Um minuto depois, surgiu O minuto do jogo. Aos 21′ as calques do Vitória e Braga desviaram a atenção do jogo para homenagear Nuno Pinto, que anunciou esta semana que iria interromper a sua carreira devido a um linfoma. No lado verde do estádio lia-se “Os nossos não deixamos cair” palavras de Vasco Fernandes, na conferência extraordinária dada para anunciar a trágica notícia em torno do defesa sadino. No lado vermelho podia ler-se “Força e coragem, Guerreiro”. O estádio cantou o nome de Nuno em uníssono, e o momento foi de tal maneira sentido, que, por momentos, o desfalcado Bonfim pareceu ser uma arena com milhares e milhares a gritar num só sentido.

De volta ao jogo, o Vitória ganhou ritmo e a partida foi bem disputada, equilibrada e sem mais oportunidades flagrantes de golo. As equipas saíram empatadas a zero para os balneários, sem outro resultado passível de ser justo.

A partida recomeçou no mesmo ritmo com o qual acabou: dura, partida, equilibrada. O Vitória pareceu ligeiramente mais atrevido, mas sem grandes frutos. Tudo apontava para um doloroso 0-0 no fim do tempo regulamentar. Pequenos perigos foram surgindo de parte a parte, sendo dignos de destaque o cabeceamento de Mendy que perdeu todo o seu potencial nas mãos de Marafona e um remate muito perigo de Wilson Eduardo. Aos 86′ o Braga leva Cristiano a sair para um intervenção brilhante, mas Dankler mancha o momento e faz falta sobre Palhinha. Tudo a postos para o Braga carimbar a passagem, mas Diego Souza conseguiu mandar a bola à trave, deixando o Vitória sonhar mais um pouco.
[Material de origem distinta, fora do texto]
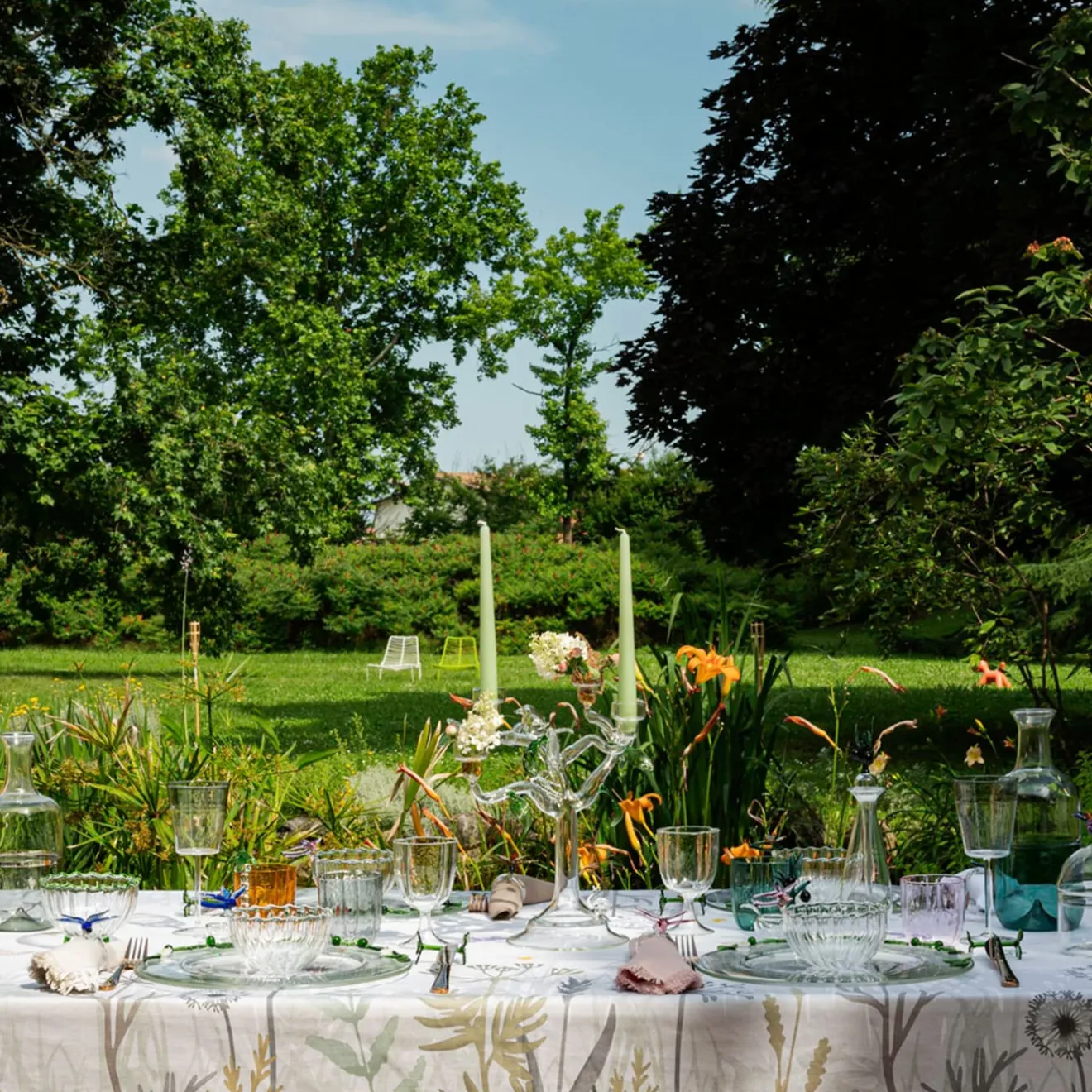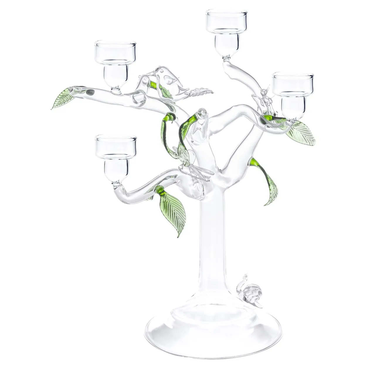 Realizzato a mano a Venezia, questo squisito portacandele in vetro trasparente ha la forma di un delicato albero ornato da foglie verdi e figure in vetro di farfalle, uccelli, libellule, lumache e coccinelle. Ispirato al Giardino del Paradiso Terrestre, simboleggia la bellezza, la conoscenza e le tentazioni della Natura. Disegnato da Catherine Urban, il portacandele Eden è versatile e può essere utilizzato per candele lunghe o piccole o per un mix di fiori. Ogni pezzo è realizzato in modo unico da artigiani veneziani.

No seguimento da jogada os sadinos tentam o contra ataque e Raul Silva faz uma falta dura, na tentativa de parar a fornação de Lito Vidigal e acaba por ver o segundo amarelo e ser expulso.

O Vitória foi para a frente com tudo e ao cair do pano, já em tempo de compensação, poderia ter feito o golo, mas Marafona brilhou e acabou mesmo por arrastar o jogo para prolongamento.

Com mais meia hora de futebol, o jogo foi ficando mais duro e mais intenso. Mais perigo para ambos os lados, mas menos qualidade e (ainda) mais faltas. Aos seis minutos da primeira parte do prolongamento, João Novais assumiu o canto a favor do Braga, meteu a bola no coração da área e Pablo atirou a redondinha para o fundo das redes de Cristiano. Assim, reduzido a 10, os minhotos conseguiram respirar de alívio.

A partir daí o Braga tentou gerir o resultado enquanto o Vitória procurou in(al)cansavelmente o golo do empate.

ONZES INICIAIS:

Vitória FC: Cristiano, Dankler, Jorge, Vasco Fernandes (C), Mano (A. Sousa, 102′), Semedo (André Pedrosa, 97′), Mikel Agu, Ruben Micael (Zequinha, 78′), Bessa (Hidelberto, 89′), Mendy, Cadiz.

SC Braga: Marafona, Viana, Melo da Silva, Marcelinho Goiano, Sequeira, Palhinha (Pablo, 92′), Fransérgio, Esgaio (Novais, 77′), Horta (Wilson Eduardo, 77′), Paulinho, Dyego Souza.